The genetics of reptiles have also been used to explore their evolutionary history. For example, the DNA of a number of species of snakes has been compared in order to gain an insight into the evolution of their sex chromosomes. While most mammals and birds share homologous sex chromosomes, lizards have independent sex chromosome systems. By studying the sex chromosomes of a range of different reptile species, researchers were able to identify specific sequence features that appear at evolutionary breakpoints and provide clues to the function of these chromosomes.
Similarly, the genetics of reptiles has been used to identify and predict disease and injury in captive reptiles. For instance, changes in feeding behaviour have been a reliable indicator of pain in ball pythons (Python regius). This knowledge is useful for those caring for these animals and can help to improve their welfare.
Studying the Evolution of Reptiles
Reptiles are an interesting group to study because they exhibit a lot of variation in morphology and ecology. Unfortunately, this group is often overlooked in terms of research efforts. As a result, very little is known about their cognitive or emotional lives.
Fortunately, recent advances in genomics and cytogenetics are making it possible to study reptile evolution with greater accuracy. For instance, chromosome painting allows researchers to determine the level of conservation, or rearrangement, between different reptilian species. This technique is being used to identify sex chromosomes in reptiles.
In addition, comparative DNA sequencing is helping to uncover the evolutionary history of reptiles. For example, scientists recently discovered that the chicken Z chromosome has been conserved in squamate reptiles (snakes and lizards) despite 275 million years of divergence.
Another fascinating discovery was made when a team of scientists compared the genomes of crocodiles and dinosaurs to that of modern lizards.

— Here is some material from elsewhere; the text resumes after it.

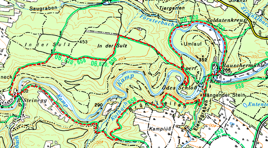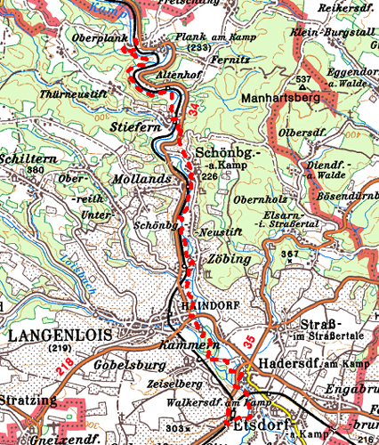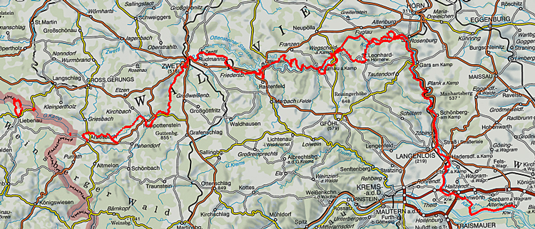 Waldviertel mäanderartig in zahlreichen engen Schlingen und Bögen. Im Mittelabschnitt des Kamps gibt es 3 Stauseen (Ottensteiner

They found that many of the major ancestors of crocodiles and dinosaurs evolved more slowly than their modern counterparts. This slower evolution is likely the result of major climate shifts that occurred millions of years ago.

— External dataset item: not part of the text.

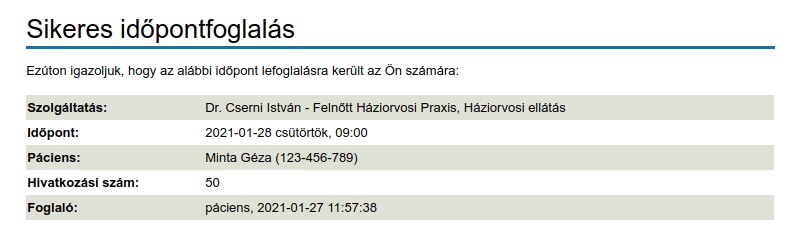 A sikeres időpontfoglalásról a rendszer az alábbi visszaigazoló képernyőn tájékoztat.

While the capacity of reptiles to feel pain, stress and fear is not as well understood as in mammals, recognition of these traits can help to change perspectives towards their welfare needs. Understanding their sensitivity can also assist in changing legislation and associated exotic pet industry practices.
Studying the Habitat of Reptiles
Reptiles (class Reptilia) are a group of vertebrates that includes snakes, turtles, lizards and crocodilians. These animals are distinguished by a number of features, including dry, scaly skin, cold-blooded metabolism, and laying eggs (though some reptiles, such as the Puerto Rican boa constrictor, give birth to live young). They also lack gills, and rely on lungs for oxygen.
The vast majority of reptile species are associated with terrestrial habitats, and have adapted to a wide variety of climates and soil types. Some reptiles are partially or fully aquatic, living in freshwater lakes, rivers, ponds, and wetlands. Others are marginally aquatic, spending most of their time on land but entering water to lay eggs or travel overland between wetlands.
Amphibians are a keystone species in both terrestrial and aquatic ecosystems, transferring energy from one system to the other by eating insects, small mammals, and even other amphibians. They are often the dominant organisms in small, shallow wetlands and play important roles in nutrient cycling.
Sadly, populations of amphibians and reptiles are in decline across the country. The Department of Fish and Wildlife works to conserve these animals, through funding from the Loon License Plate and Chickadee Check-off programs, a State Wildlife Grant from the U.S. Fish and Wildlife Service, and through donations to the Maine Amphibian and Reptile Atlas Project.